Bruce Thomson with a photo of his father standing with the Queen, Prince Philip and the then Prince of Wales, now King Charles III. Photo / Supplied
Bruce Thomson with a photo of his father standing with the Queen, Prince Philip and the then Prince of Wales, now King Charles III. Photo / Supplied
The Queen, says Bruce Thomson, was "so regal" in real life.
"I remember, she was wearing an absolutely exquisite dress, and the moment she entered the room, you knew it was a special moment."
The room a young Bruce was watching her enter was Parliament, and it was a moment he says he will never forget.
Bruce is the son of David Spence Thomson, who served as a Stratford MP, and, when the Stratford seat was disestablished, the MP for Taranaki, between 1963 and 1984.
"Dad was an MP, including serving time as Defence Minister, from the 1960s to his retirement in the 1980s.

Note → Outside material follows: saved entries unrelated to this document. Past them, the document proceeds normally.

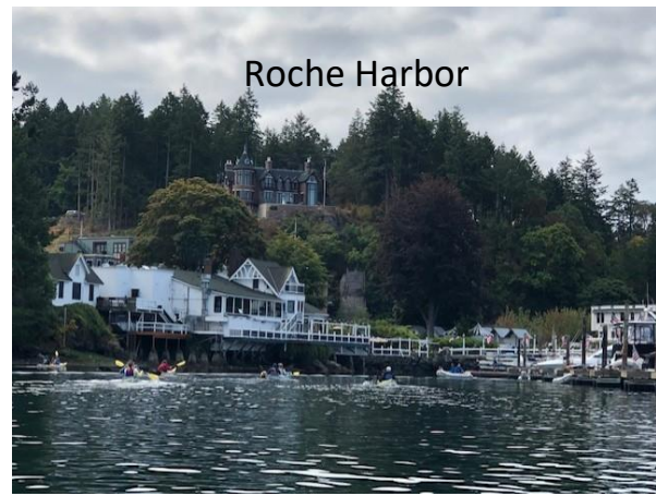
Roche Harbor – Sculpture Park
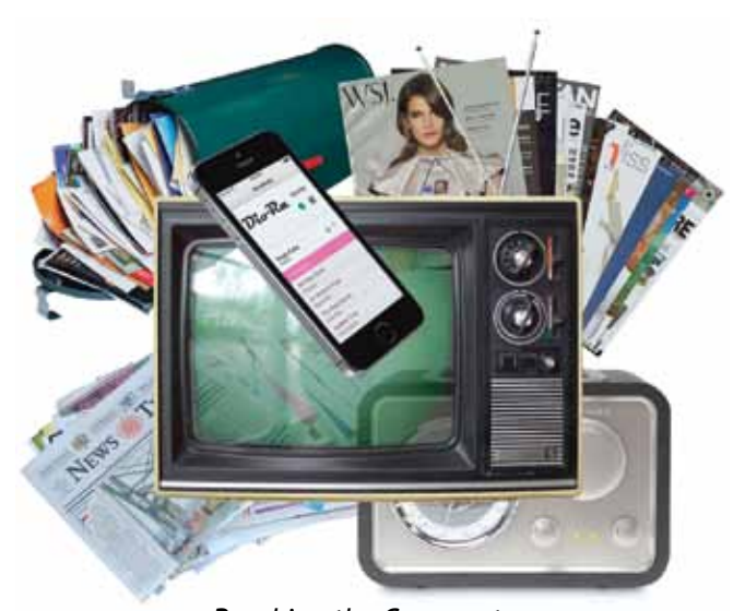
Reaching the Grassroots

Getting a two-thirds majority of the federal legislature to pass the Life Amendment is the first challenge to the Amendment program. In order to accomplish this, our entire nation must be made aware that an amendment is being sought. This information necessarily comes from America's media. This includes newspapers, magazines, radio, TV, and the internet media sources. This looks overwhelming, but it is possible by starting with a determination to succeed.
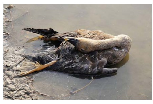
A Bean Goose killed by the poison Furadan (C<sub>12</sub>H<sub>15</sub>NO<sub>3</sub>) in Liaoning Province, March 2012
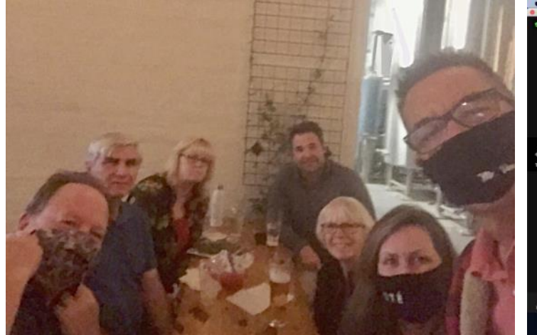
Our outdoor, masked, socially-distanced "social" at The Alley in Moorpark.
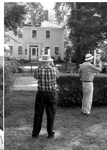
Monday Morning Painters working hard at Town Lot in Little Compton.
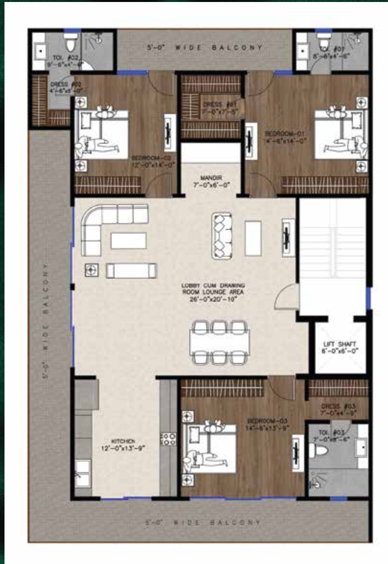
FORTUNA - C
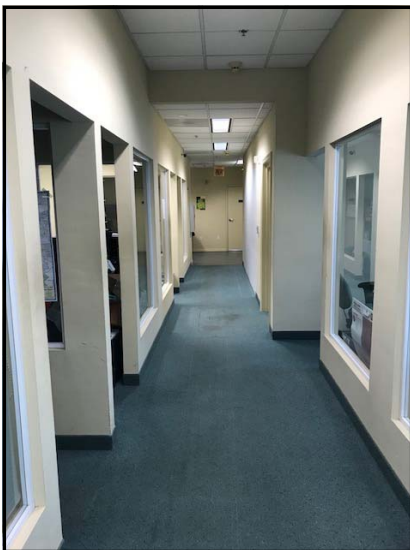
(8) 8' x 8' Offices
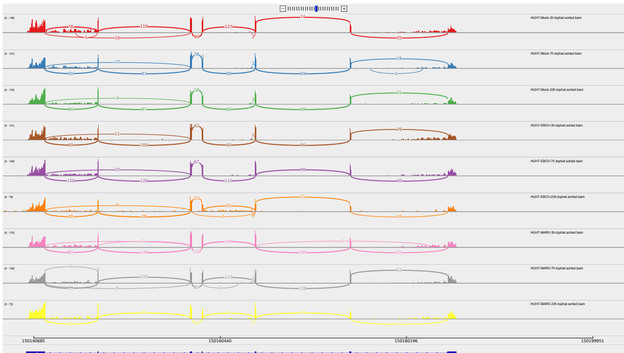
Figure 2: Sashimi plot of gene LRP11.
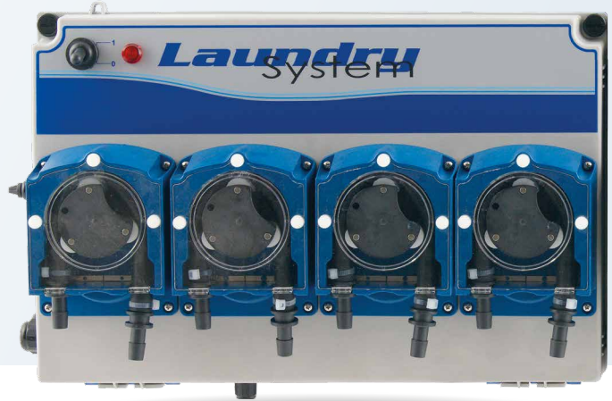
OplAdvantage SV Peristaltic dosing systems Standard Volume

It's a lifetime ago now, but I remember the Queen's visits during that time."
Bruce says his father secured Bruce a seat in an antechamber where he could watch the formal proceedings when the Queen entered Parliament.
In his private memoirs written for family friends, Bruce recalls the momentous occasion.
The antechamber was set up with three or four rows of seats down each long side of the room, with just enough room in the middle for a long narrow carpet down the middle, along which HM and all the HRHs would walk.
"Suddenly, the doors at one end were opened, and in walked the Queen, followed by Prince Phillip, Prince Charles and Princess Anne."
Bruce Thomson's father, David Thomson, is pictured sitting immediately to the right of Robert Muldoon in this photo of the 1981 New Zealand cabinet seated with Queen Elizabeth II. Photo /supplied
Despite having been given strict instructions to bow heads or curtsy as the Queen walked past, Bruce recalls the excitement of the moment meant they forgot.
"We were all so amazed at the sight, we all just gawked, even though many of us tried a half-hearted attempt at curtsying or bowing. We must have all looked like today's catch at the fishmonger: like rows of sardines with their mouths all agape. But I suppose the Queen, in all her splendour, is used to being stared at, as she serenely glided past in all her glorious majesty."
It wasn't the first time Bruce had come close to the Queen, with his first seeing her back when he was just 4 and the Queen and Prince Phillip visited Stratford in 1954.
"All I can remember, through the forest of grown-ups' legs, was seeing a blob of white – that was the Queen, meeting all the important people in town, on a stage which they set up at one end of Broadway."
That fleeting glimpse of a blob of white was just the first of many times Bruce and his family came close to the Queen, he says, recalling one special photo the family has that was given to his mother by the Queen herself.
"Mum was summoned into the royal presence, and the Queen, smiling at her, presented mum with a lovely signed portrait of herself and Prince Phillip – probably photographed at Buckingham Palace. We still have that photo at home."
Back to the "exquisite dress" Bruce recalls the Queen wearing on one parliamentary visit, he describes it in more detail in his memoirs.
"She was wearing a beautiful white or cream dress, embroidered with a diamond pattern of what looked like small sparkling diamonds - perhaps crystal glass beads. Over her shoulder, she wore the pale-blue sash of the Order of the Garter."
On Friday morning, Bruce happened to be awake early, and was watching the BBC when news of the Queen's death broke.
"I had started watching at about 4am and of course, it soon became clear something major was happening. It really is a historic moment. Personally, I do feel sad, she was a great woman, and an incredible monarch."
Bruce says all his memories of the Queen, along with the stories he was told by his parents, carry a similar theme.
"She was someone who went out of her way to make others comfortable in her presence. You knew she was the Queen, but she was very much a real person who truly cared about others."